От всех этих канделябров, альбомов, гравюр, хрустальных пепельниц, каминных часов, бронзовых чернильниц, бюстов Бонапарта, кружевных бюстье, бархатных перчаток, лаковых шкатулок, серебряных ножей, табакерок, карманных часов, гребешков, запонок, мундштуков и хрустальных графинов в его голове образовывалось такое звенящее великолепие, что он ночи напролет просиживал над желтоватыми листами, покрывая их карандашными или угольными орнаментами.


Увы, на смену подлунному творческому счастью приходил кошмар светового дня: с учебой у Тристана решительно не клеилось. Он не ладил с точными науками, а к гуманитарным его интерес просыпался только в том случае, если учебники были снабжены подробными иллюстрациями.

Отцу тем временем с большим трудом удавалось добывать семье на пропитание – после многих лет, проведенных в тускло освещенной часовой мастерской, он начал терять зрение. Мать от безысходности подалась подрабатывать кухаркой «У Кики́» – в музыкальном ресторане, расположенном в самом центре «блошинки». Заведение славилось щедрыми порциями и лучшими в Сент-Уэне moules-frites – мидиями с обжаренной в кипящем масле картошкой. Тристан иногда приходил к ней под вечер, помогал с мытьем посуды, выносил помои, стараясь не попадаться владельцам на глаза. Иногда ему удавалось перехватить каких-нибудь объедков и присесть на полу, в самом углу зала, целиком обратившись в глаза и слух. Стянув несколько бумажных салфеток, он зарисовывал огрызком простого карандаша все, что видел: вот, например, эти двое, за столиком напротив. Он – высокий брюнет под сорок, смахивающий на американского актера Брандо: в штучном галстуке и приличном твидовом костюме, он был не из тех, кто покупает шляпы на «блошинке». Она – миниатюрная шатенка слегка уцененной внешности, явно проигрывала ему в элегантности. Но нежный переливчатый смех, обволакивающий взгляд и мягкая податливость, сквозившая в каждом жесте незнакомки, делали ее, бесспорно, притягательной – это прочитывалось во взгляде ее холеного спутника…

Карандаш Тристана порхал, схватывая с фотографической точностью ее тонкий профиль, крупноватый рот, очерченный яркой помадой, убранные в пучок волнистые волосы. Вот мужчина смеется, наклоняется к ней и что-то шепчет, незаметно прикасаясь пальцами к острому локтю. Она смущенно молчит, но всего через мгновение ее узкая стопа начинает скользить по истертому паркету навстречу его ботинку, а голова склоняется в едва уловимом кивке.

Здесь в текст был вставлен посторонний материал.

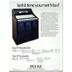 This vintage 1979 brochure features the Rock-Ola Model 477, a compact electronic jukebox known as "Max". Promoted as the first electronic phonograph of the 1980s, this music machine boasted 160 plays in the space of 100, leveraging microprocessor technology for enhanced performance. The flyer highlights innovative features such as the Random Complimentary Play, Hit Tracker, and Profit Setter, which helped optimize play sequences and maximize revenue for operators.
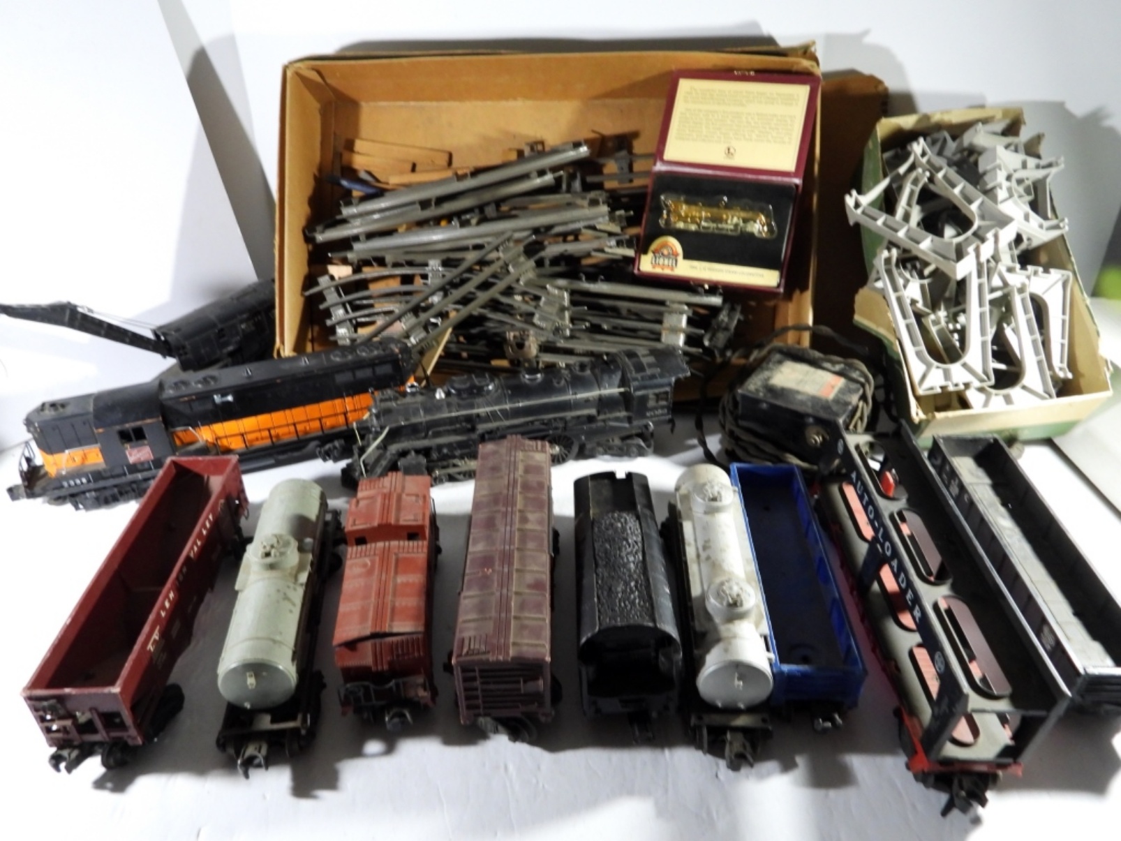 (2) ENGINES (11) CARS – LOTS of TRACKS & MORE – VERY HEAVY LOT! (MAY REQUIRE ADDITIONAL SHIPPING DUE TO WEIGHT)

– Чем это ты занимаешься здесь, бесенок? – зычный голос мадам Кики́ выдернул Тристана из полузабытья в тот момент, когда его карандаш уже заканчивал свой фривольный танец по расправленной на полу салфетке. Она смотрела на него сверху вниз сквозь густо накрашенные ресницы, расправляя на округлом животе передник, украшенный вышивкой «ришелье» и витиеватой надписью «Chez Kiki». На ее коротковатых пальцах поблескивали разноцветные фальшивые каменья – из тех, которыми местные цыгане иногда расплачивались за обед.

Тристан вжал голову в плечи и попытался спрятать изрисованные салфетки, но опоздал: крепкая пятерня сгребла их с пола и швырнула на барную стойку. С кухни в зал выглянула обеспокоенная мать. Тристан поднялся и начал протискиваться к ней между столиков, с тоской осознавая, что это был его последний вечер, проведенный на этом липковатом полу за любимым занятием. Мать чмокнула его в макушку сухими губами и произнесла:

– Такие, как мы, везде лишние… Пойди, вынеси ведро да отправляйся домой, отец там совсем один. Вот, возьми… – она сунула Тристану сверток с еще не остывшей едой и пододвинула ногой ведро с овощными очистками.

– В моем ресторане за еду и гостеприимство принято платить! – резкий окрик хозяйки обжег Тристана, как пощечина. В руках она держала разрисованные им за этот вечер салфетки. – Но ты хорошая работница, Клотильда. А у мальчишки твоего определенно талант! Вот что… – мадам Кики развернулась всем телом к Тристану, обдав запахом здорового женского пота, смешанного с какими-то навязчивыми духами, – видишь эти рамки на стенах со старыми фотографиями? Я давно думала, что пора бы их сменить на что-нибудь… посовременнее. Вон тот плохонький столик в углу теперь твой! Садись и рисуй по вечерам, все, что видишь вокруг. Аккордеониста, малышку Лулу́ за стойкой бара, всю эту молодежь, что кутит тут ночи напролет, ну и остальных гостей… тех, что понаряднее. А уж твою мать я не обижу!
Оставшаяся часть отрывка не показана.